If only this rule is used, the jaggedness will be noticeable if the accuracy of the boundary part is poor. There is room for improvement.

For details on how to create geometry & nodes, see this article "How to create custom geometry with SceneKit + bonus".

Once the geometry is created, it will be possible to determine the collision with the floor.
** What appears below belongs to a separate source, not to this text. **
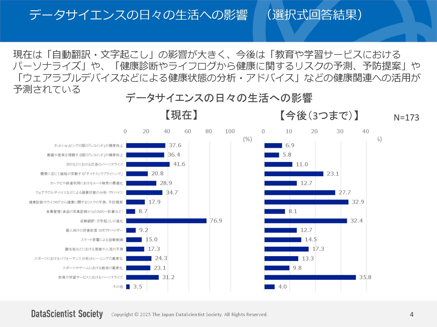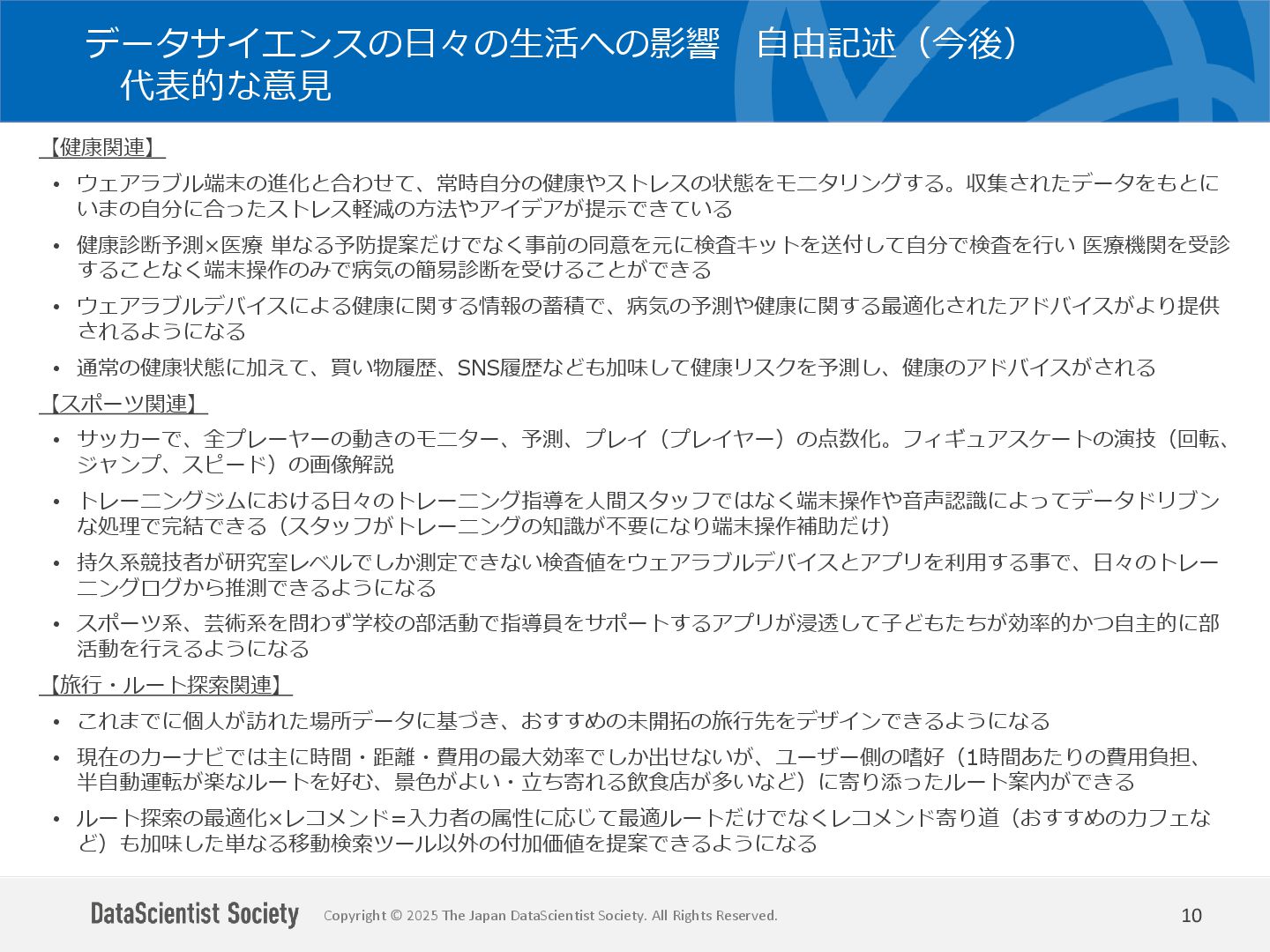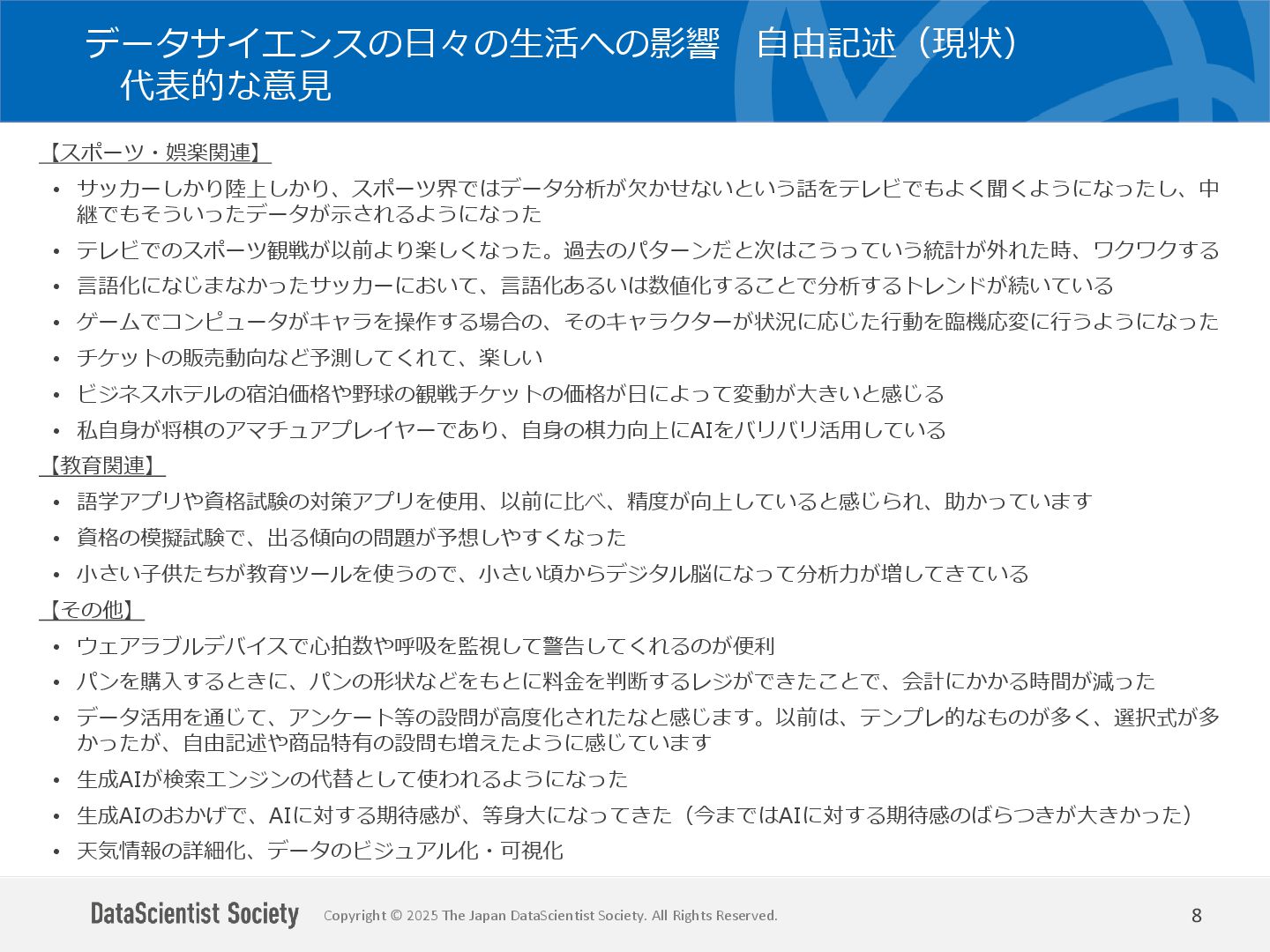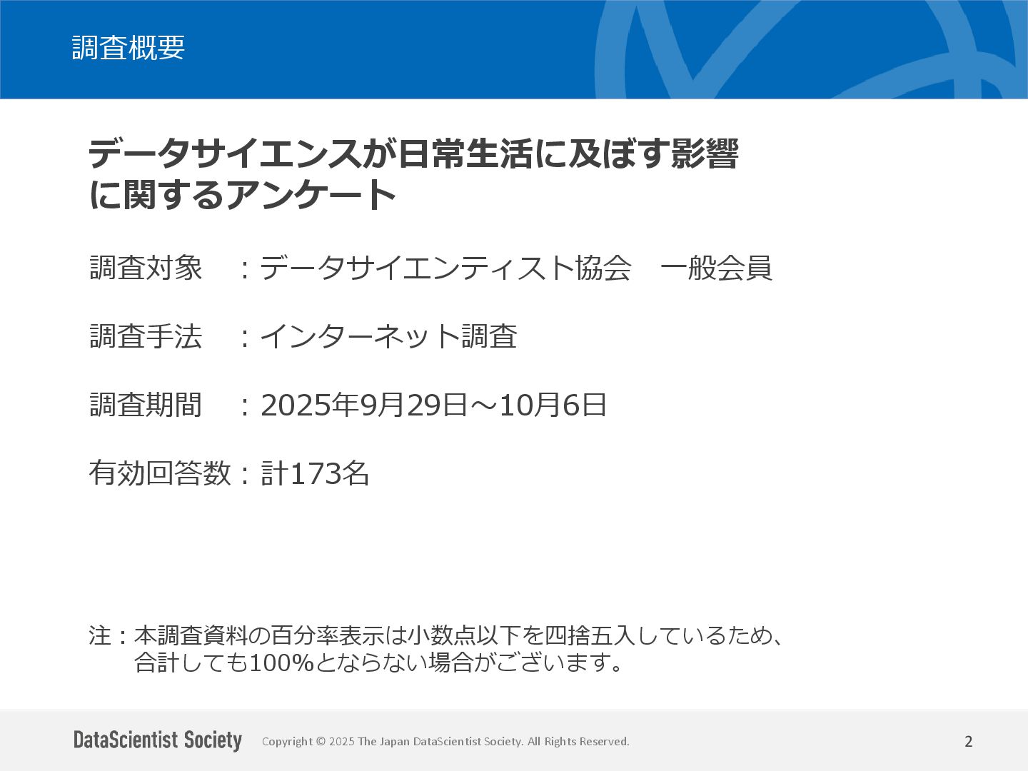 データサイエンティスト協会の調査・研究委員会では、一般(個人)会員を対象に「データサイエンスで変わる日常生活」というアンケート調査を実施しました。インターネットを活用した調査で、データサイエンスにより日常生活がどのように変化してきたか、あるいは、今後変化するかなどを自由回答形式中心に調査をしました。回答者数は173名でした。

let bodyGeometry = SCNBox(width: 5.0,
                          height: CGFloat(yMax - yMin),
                          length: 5.0,
                          chamferRadius: 0.0)
let bodyShape = SCNPhysicsShape(geometry: bodyGeometry, options: nil)
node.physicsBody = SCNPhysicsBody(type: .dynamic, shape: bodyShape)
//Drop from 3m above
node.simdWorldPosition = SIMD3<Float>(0.0, 3.0, 0.0)
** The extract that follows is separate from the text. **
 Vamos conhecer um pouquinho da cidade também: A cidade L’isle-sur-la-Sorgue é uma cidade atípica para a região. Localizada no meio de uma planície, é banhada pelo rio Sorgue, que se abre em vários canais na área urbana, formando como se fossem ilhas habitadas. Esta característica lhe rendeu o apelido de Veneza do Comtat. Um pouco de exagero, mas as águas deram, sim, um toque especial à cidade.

DispatchQueue.main.async {
    self.scnView.scene.rootNode.addChildNode(node)
}

Since the shape of the created geometry is based on depth information, it is the size from the camera to the distance of the target object. At this time, the origin of the geometry is the position of the camera. The SCNPhysicsShape used for collision detection should also match the size of the geometry, but this time it is only necessary to be able to collide with the floor, so set the height of the geometry only for the height, and the width and depth are the size (5m) that is considered to collide reliably. I have to.

Finally

In the sample made this time, the geometry is created based on the direction in which the camera is facing with the camera as the origin (the direction of the camera is the reference). Therefore, the horizontal plane is not considered and the orientation is not considered. In the example above, the car was shot looking down at an angle, so the geometry is made in that orientation. If you consider the horizontal properly, you should be able to create a horizontal geometry on the outer white line (BoundingBox). This area was dealt with at another time because Apple's LiDAR sample Visualizing a Point Cloud Using Scene Depth seemed to convert it to world coordinates properly at the time of drawing.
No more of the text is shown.